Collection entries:
Content starts
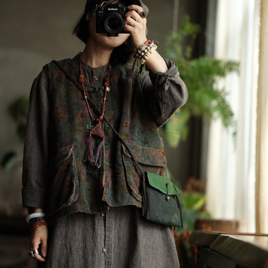 Vintage Daisy Kruvaze Çift Taraflı Yelek
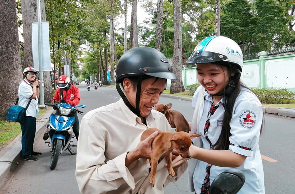 Khi nhìn thấy 2 chú chó nhỏ, nữ sinh không khỏi thích thú và vui mừng. Ảnh: Vũ Huy Anh
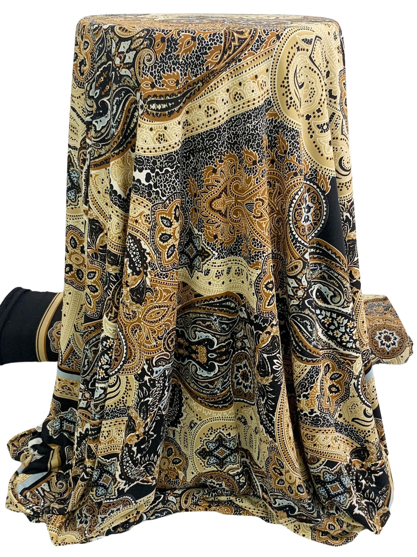 Bronze/Tan/Black/Pewter Blue Polyester/Lycra Double Border Stylized Scrolls Print ITY Knit 60W
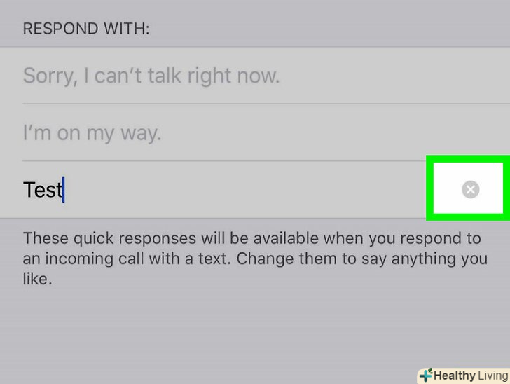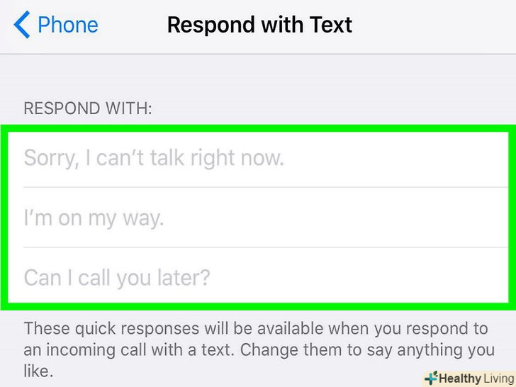 Виберіть одне з готових повідомлень.на екрані відобразяться три готових повідомлення. Торкніться потрібного повідомлення, щоб відхилити дзвінок і відправити повідомлення.- Якщо ви хочете змінити готові повідомлення, перейдіть до наступного розділу.
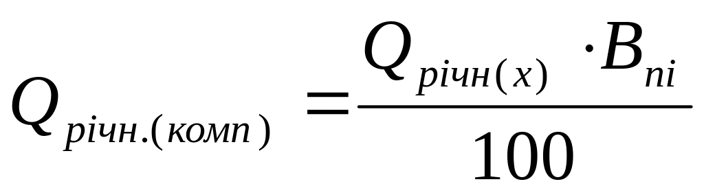 Річну потребу у додаткових компонентах (дріжді, цукор, сіль, вода) визначають за формулою:
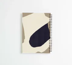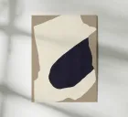 Abstract forms create a striking composition with a large, dark irregular shape nestled within a light beige area on a muted brown background. The simplicity and contrast between the colors emphasize the organic shapes and lines.
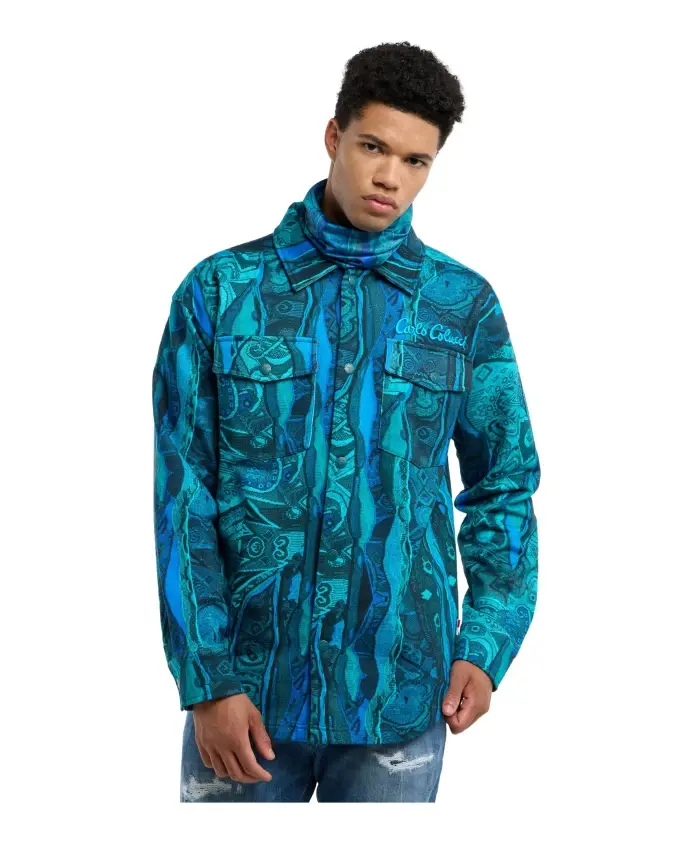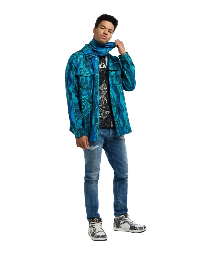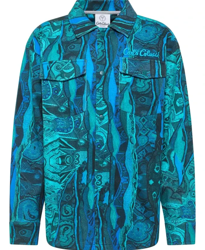 Рубашка оверсайз Carlo Colucci - Retro Vibes сочетает в себе неоновый принт по всей поверхности и свободный ретро-силуэт, что делает ее универсальной как для дневного, так и для вечернего образа. Ключевые особенности: Синий | Бирюзовый | Хлопок | Плотный хлопок (400 г/м²) | Застежка на пуговицы спереди | Вышивка логотипа на груди | Можно носить расстегнутой или застегнутой | Воротник в стиле ретро | Неоновый принт по всей поверхности | Спущенные плечи | Размеры и посадка: Рост модели 1,82 м, размер L | Свободный крой | Расслабленный крой | Спущенные плечи | Состав и уход: 100% хлопок | Деликатная стирка при 30°C; см. этикетку по уходу.
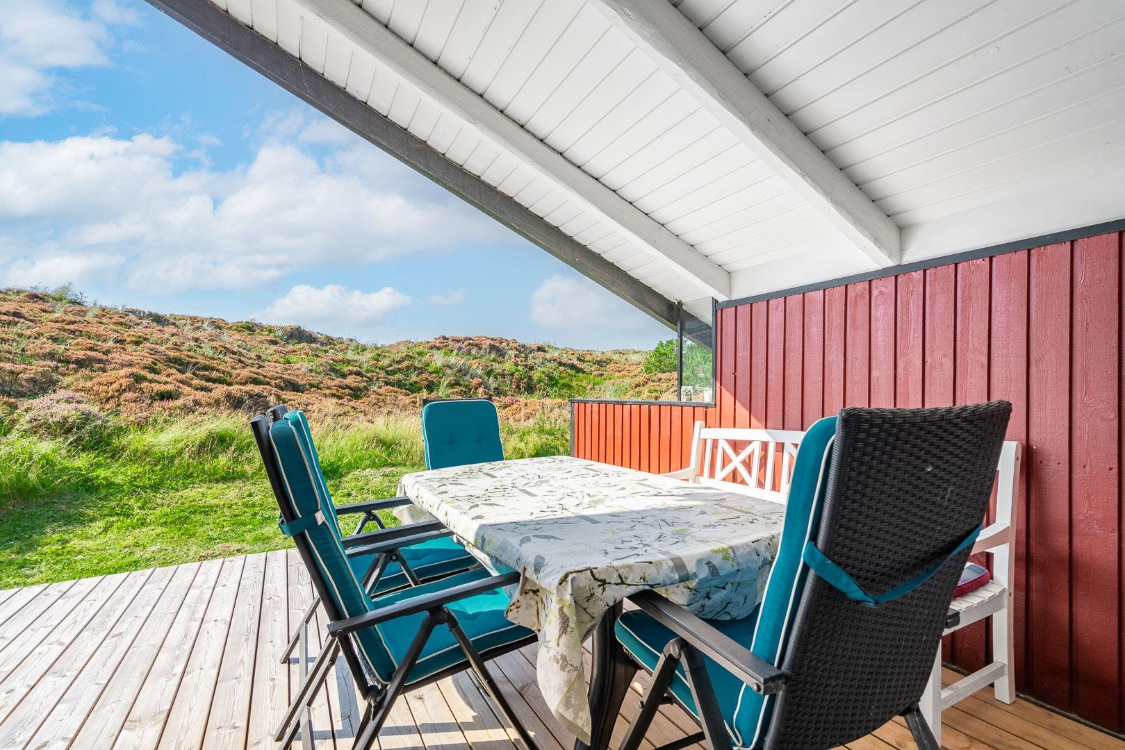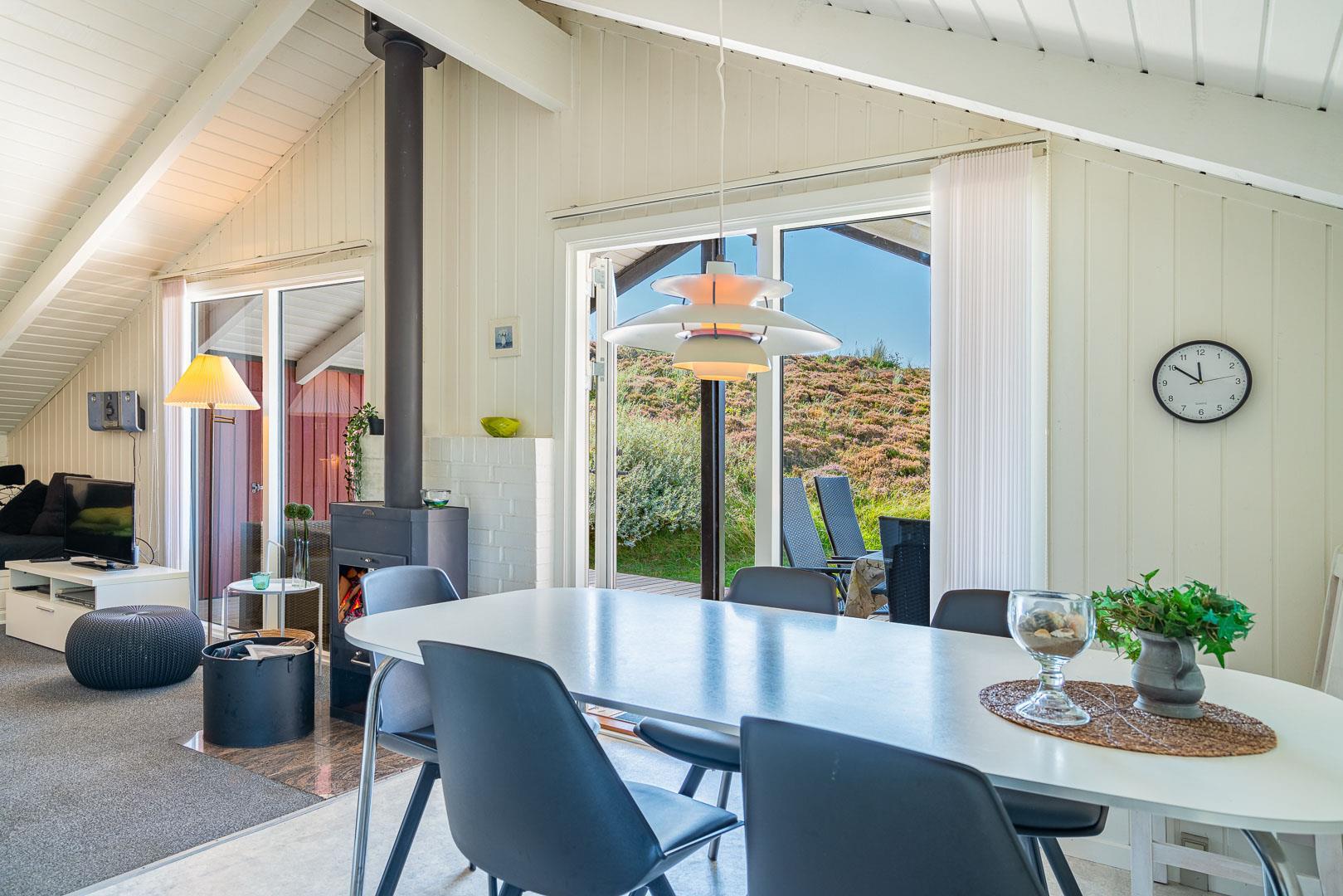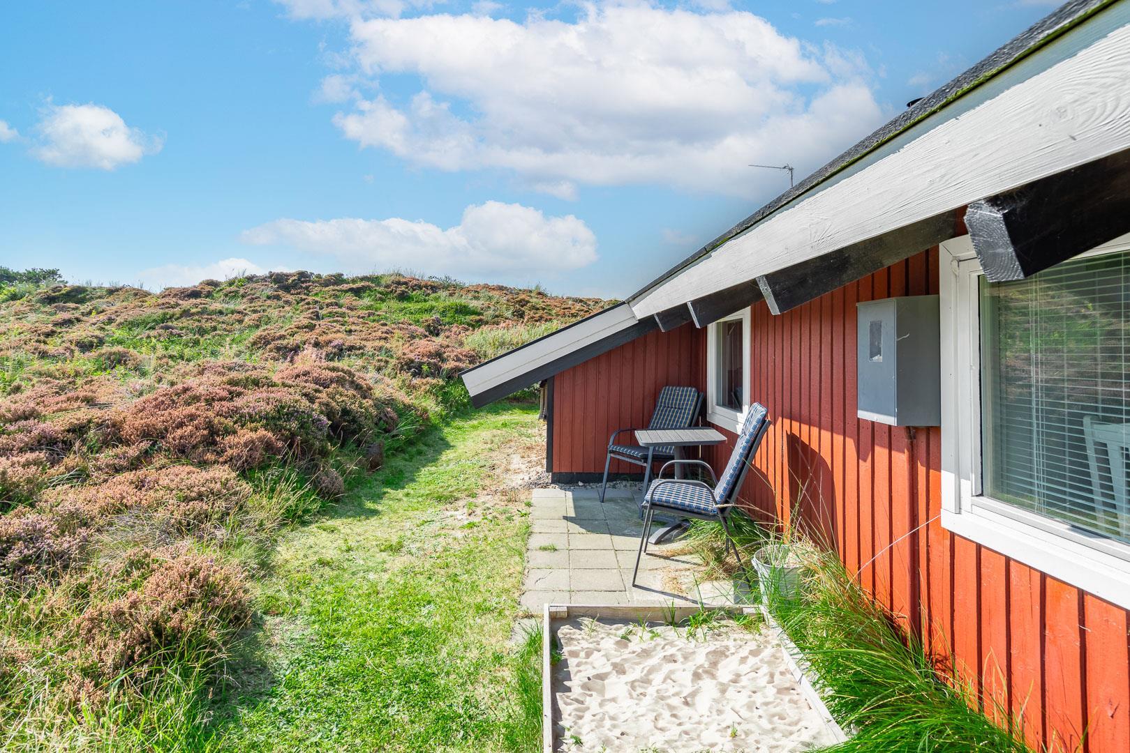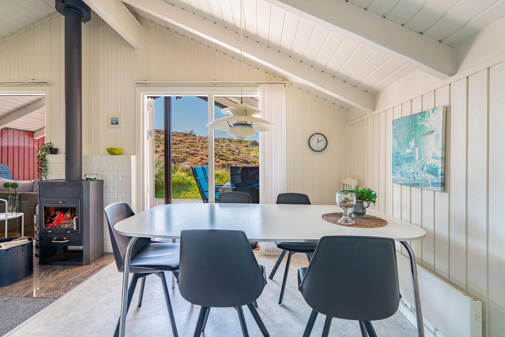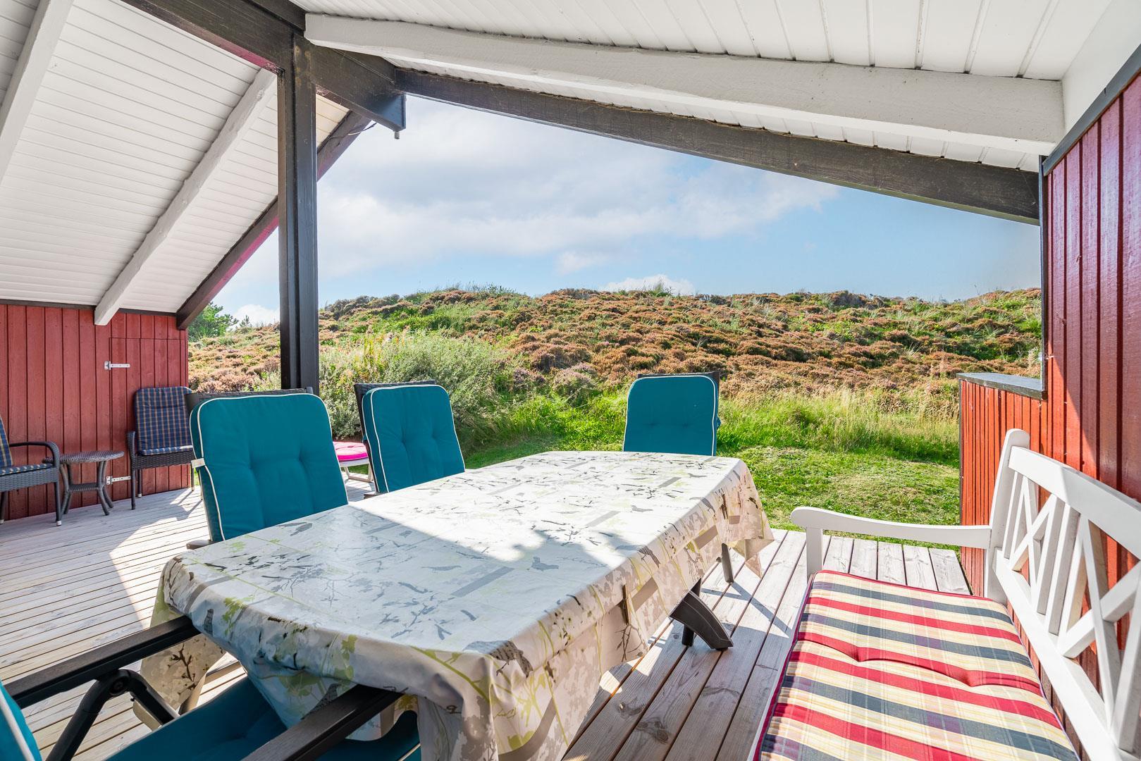 Dette velpassede feriehus med dejlig badeværelse, er beliggende på en kuperet klitgrund. Kombineret køkken -spisekrog og hyggelig stue med loft til kip og brændeovn, og som er indrettet med pæne og gode møbler. Der er dejlige og ugeneret delvis overdækket træterrasse.
Content ends
**Aim of the exercise**
Copy exactly the lines from the one containing "Рубашка оверсайз Carlo" to the end of the records, both included, and leave the pictures out.

**Solution to this task**
 Рубашка оверсайз Carlo Colucci - Retro Vibes сочетает в себе неоновый принт по всей поверхности и свободный ретро-силуэт, что делает ее универсальной как для дневного, так и для вечернего образа. Ключевые особенности: Синий | Бирюзовый | Хлопок | Плотный хлопок (400 г/м²) | Застежка на пуговицы спереди | Вышивка логотипа на груди | Можно носить расстегнутой или застегнутой | Воротник в стиле ретро | Неоновый принт по всей поверхности | Спущенные плечи | Размеры и посадка: Рост модели 1,82 м, размер L | Свободный крой | Расслабленный крой | Спущенные плечи | Состав и уход: 100% хлопок | Деликатная стирка при 30°C; см. этикетку по уходу.
 Dette velpassede feriehus med dejlig badeværelse, er beliggende på en kuperet klitgrund. Kombineret køkken -spisekrog og hyggelig stue med loft til kip og brændeovn, og som er indrettet med pæne og gode møbler. Der er dejlige og ugeneret delvis overdækket træterrasse.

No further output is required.